While this FTA marks a significant leap in India’s trade policy, one critical omission that stands out is the lack of attention to the Carbon Border Adjustment Mechanism (CBAM). Omission of this could result in India’s exports of carbon-intensive goods, especially steel and aluminium, being subjected to additional tariffs, potentially nullifying the benefits gained through tariff concessions. Complementary technology agreements that support carbon-neutral manufacturing would significantly bolster India’s efforts to maintain industrial competitiveness and offset the impact of CBAM.

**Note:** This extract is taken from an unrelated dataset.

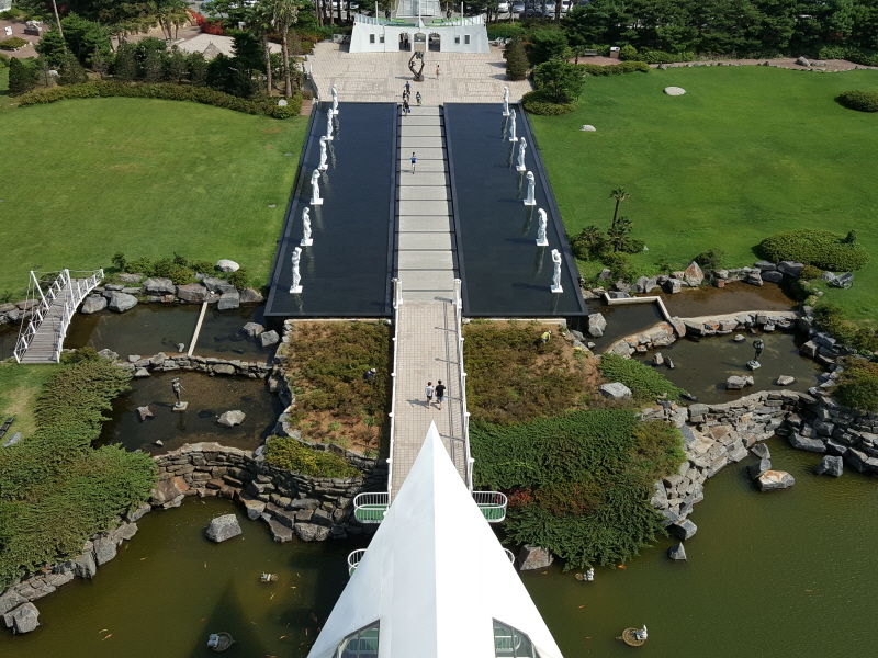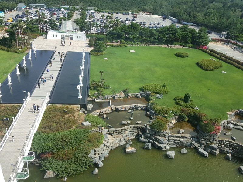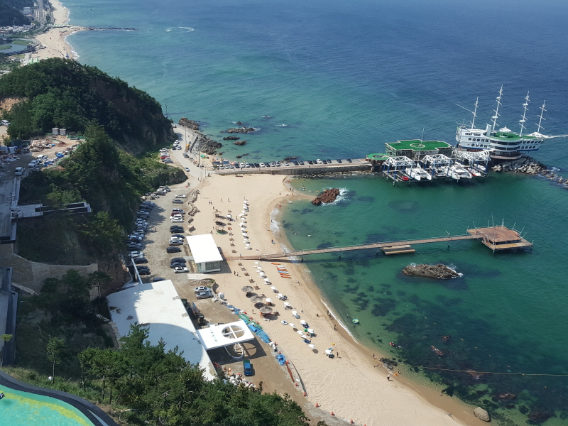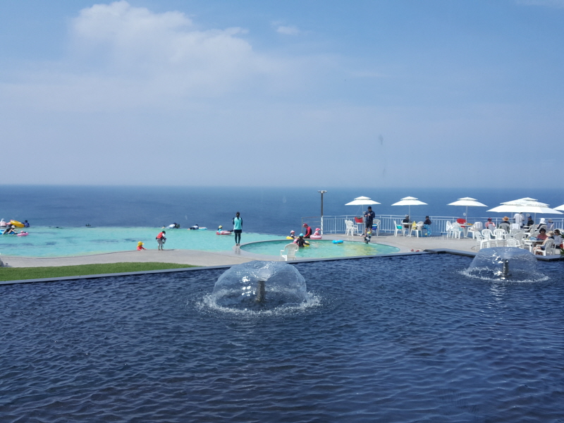 이곳저곳 둘러보며 사진을 찍고 맨 위 레스토랑에서 점심식사를 하며 내려다보던 동해바다와 썬크루즈 수영장은 지금 생각해도 시원했다.

Overall, the India-UK FTA reflects a maturing trade strategy for India, one that values deeper integration into global value chains. Yet, the real test of this agreement lies in its implementation. With transparent and effective execution, this FTA has the potential of becoming the blueprint for India’s next generation of trade agreements.
Nisha Taneja is Professor, ICRIER and Nirlipta Rath is Research Assistant, ICRIER. Views are personal.